How to "unextract" a zip file?

52

20

I extracted a zip file into a non-empty folder. The zip file has lots of files and a deep hierarchy, that merged with the existing tree of the target directory. How can I remove the files and directories that where created by unzipping without destroying the files and directories that were already there? Of course, I still have the zip file that I merged in, so the information is there.

mafp

Posted 2013-02-13T23:24:08.983

Reputation: 513

Umm thanks for the accept, but it was really @jjin's idea. I was not aware of the lq options for unzizp, I just added some classic *nix tricks around his main answer. – terdon – 2013-02-14T00:54:08.753

That's okay, I don't really care that much. I added my own different version of whitespace-handling anyway. – jjlin – 2013-02-14T00:57:23.573

@terdon Yeah... I upvoted jjlin's answer, too, but I can only accept one answer. – mafp – 2013-02-14T01:02:40.793

For future reference, always do one of the following with an unfamiliar archive of any format: 1) Extract it to an empty directory or 2) List it first (unzip -l) before extracting it so you can see if it's nasty like this. Archives made without a top level directory with everything under that are bad form. When done with tar, they are actually called tar bombs, so I guess this could be called a zip bomb. – Joe – 2013-02-19T09:34:59.593

@Joe It has its uses. LaTeX packages, e.g., can come in a foo.tds.zip form. These zips merge into an TEXMF tree, which is very convenient. But if you ever want to remove such a package you are faced with the problem I described. – mafp – 2013-02-19T09:40:54.273

@mafp I'm sure it does. That's why I also mentioned 2) above - so you can see what an archive will do before it's too late and choose to accept that if it will do what you desire. Still, being able to remove it later is a big plus. Of course, you could simply restore from a backup no matter what an install or other action has done. – Joe – 2013-02-20T16:37:24.503

Answers

28

jjlin's answer is the way to go.
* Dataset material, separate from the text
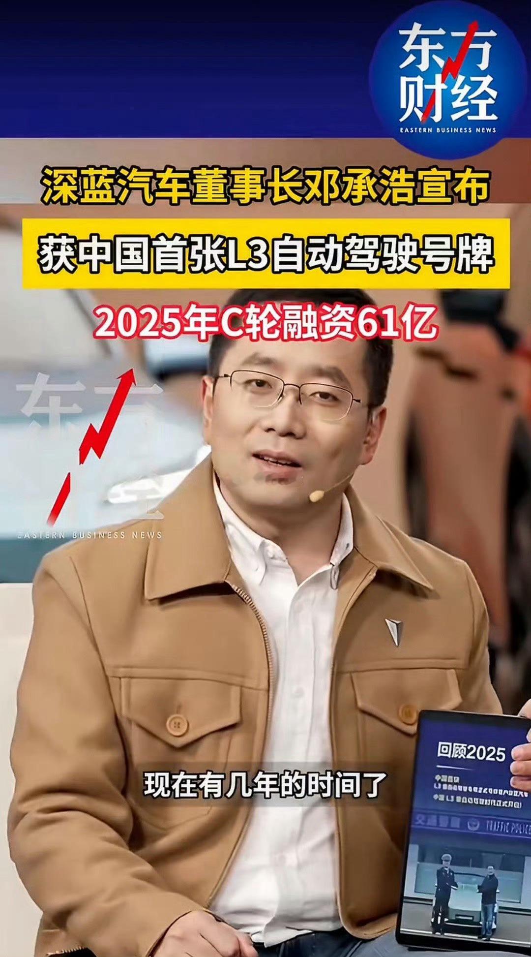 深蓝获中国首张L3自动驾驶正式号牌邓承浩回应深蓝汽车获61亿融资 邓承浩称融资是发展起点,深蓝斩获L3合规牌照,加速智驾技术商业化落地
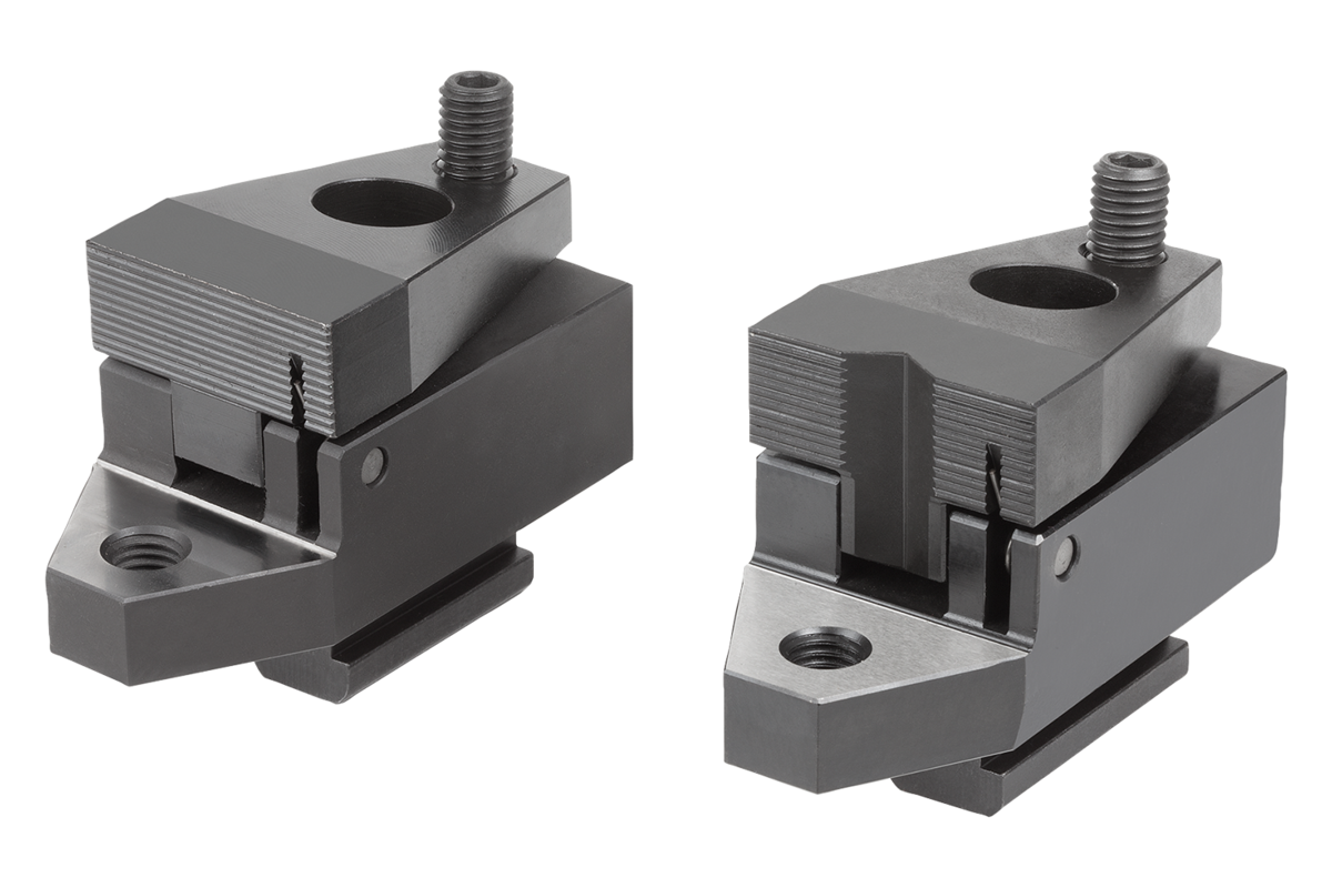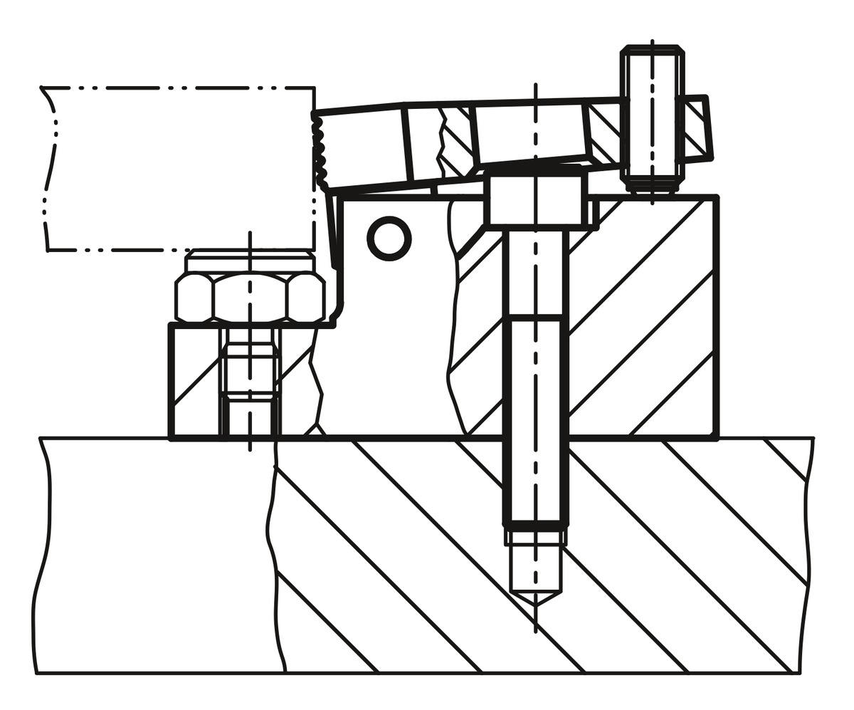 Durch das Anziehen der Kugeldruckschraube bewegt sich der Spannbacken nach vorne. Dadurch wird das Werkstück mit dem Niederzugeffekt gleichzeitig gegen den Festanschlag und die Auflagefläche gespannt. Niederzugspanner mit geschliffener Auflagefläche und Gewinde für verstellbares Auflageelement.

I just want to add a few choices for directories:

  • Delete all extracted files, no directories:

    unzip -lqq file.zip | gawk -F"  " '{print $NF;}' |
      while IFS= read -r n; do rm "$n"; done
    
  • Delete extracted files and empty directories only

    unzip -lqq file.zip | gawk -F"  " '{print $NF;}' |
      while IFS= read -r n; do rm "$n"; done; rmdir *
    

    With no options, rmdir deletes only empty directories, it will leave files and non-empty folders alone so you can safely run it on *.

  • Delete everything extracted, but prompt for a confirmation before each deletion:

    unzip -lqq file.zip | gawk -F"  " '{print $NF;}' |
      while IFS= read -r n; do rm -ri "$n"; done; rmdir *
    

    The -i flag will cause rm to prompt before every removal, you can choose Yes or No.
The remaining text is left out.